"$1$ is an eigenvalue of $A^n$" implies an eigenvalue of $A$ is a root of unity?

Question

Let $A$ be a square matrix. If $1$ is an eigenvalue of $A^n$, then is it true that there is an eigenvalue of $A$ which is a root of unity?

Answer 1

Let the eigenvalues of $A$ are $\lambda_1, \dots, \lambda_k$. That implise, that $A^n$ has the eigenvalues $\lambda_1^n, \dots, \lambda_k^n$.

If some of $\lambda_i^n =1$, that implies $\lambda_i$ is the $n$-th root of unity.

Answer 2

Yes it is true. To see it you should only consider eigenvalues in a Jordan form of $A$.
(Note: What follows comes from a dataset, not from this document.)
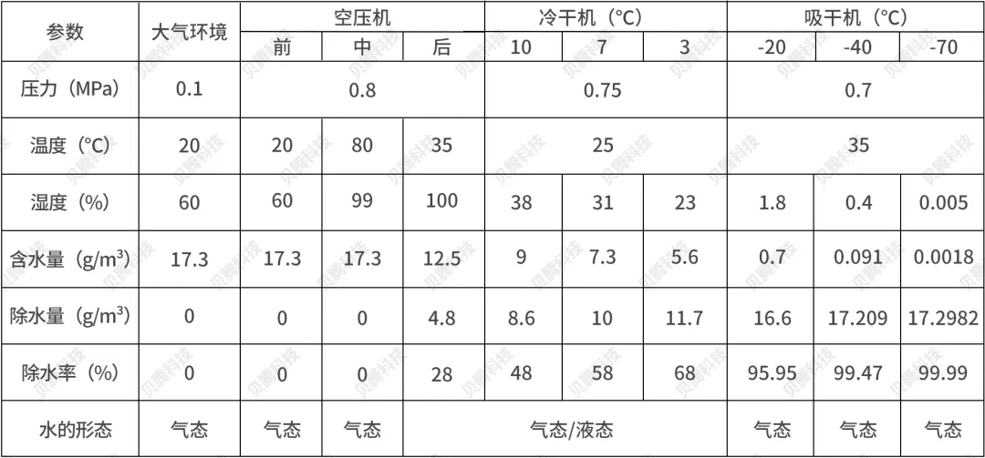 壓縮空氣中的水通常以液態(tài)水和氣態(tài)水兩種形態(tài)存在,且相互可以轉(zhuǎn)化,這就導(dǎo)致壓縮空氣穩(wěn)定可靠的除水成為世界性的難題,通過(guò)下表可以清晰看到壓縮空氣水含量在空壓系統(tǒng)中的變化情況:

In two other answers authors do not proof that each eigenvalue of $A^n$ is a n-degree of an eigenvalue of $A$. But you can see it consider matrix $A$ in a Jordan form and take its n-th degree and for this triangle matrix calculate characteristic polynomial which contains all information about eigenvalues repetition factors.

Answer 3

We prove easily that if $\lambda$ is an eigenvalue of $A$ then $P(\lambda$) is an eigenvalue of $P(A)$ where $P$ is a polynomial.

Now take $P(x)=x^n$ and by the hypothesis we have for some $\lambda$, $\lambda^n=1$. Conclude.